→ **What is required**
Your reply should reproduce each line below exactly and carry none of the pictures.

→ **Data section**

- - -

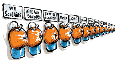
LE VESTIAIRE DE L'AED

Nos collègues AED étaient en grève le jeudi 2 décembre pour dénoncer la précarité et des conditions de travail abusives... Notre organisation soutient leur mouvement et refuse la stratégie du Ministre qui consiste à opposer enseignants et AED.
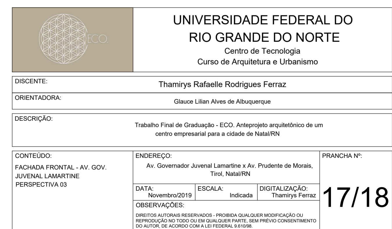
FACHADA FRONTAL - AV. GOVERNADOR JUVENAL LAMARTINE ESCALA ..... 1/125

OBS.: COM INTUITO DE NÃO ATRAPALHAR A VISUALIZAÇÃO DA ESTRUTURA GERAL, ALGUMAS VEGETAÇÕES NÃO FORAM REPRESENTADAS NESTE DESENHO.

- - -

→ **Answer section**
LE VESTIAIRE DE L'AED

Nos collègues AED étaient en grève le jeudi 2 décembre pour dénoncer la précarité et des conditions de travail abusives... Notre organisation soutient leur mouvement et refuse la stratégie du Ministre qui consiste à opposer enseignants et AED.
FACHADA FRONTAL - AV. GOVERNADOR JUVENAL LAMARTINE ESCALA ..... 1/125

OBS.: COM INTUITO DE NÃO ATRAPALHAR A VISUALIZAÇÃO DA ESTRUTURA GERAL, ALGUMAS VEGETAÇÕES NÃO FORAM REPRESENTADAS NESTE DESENHO.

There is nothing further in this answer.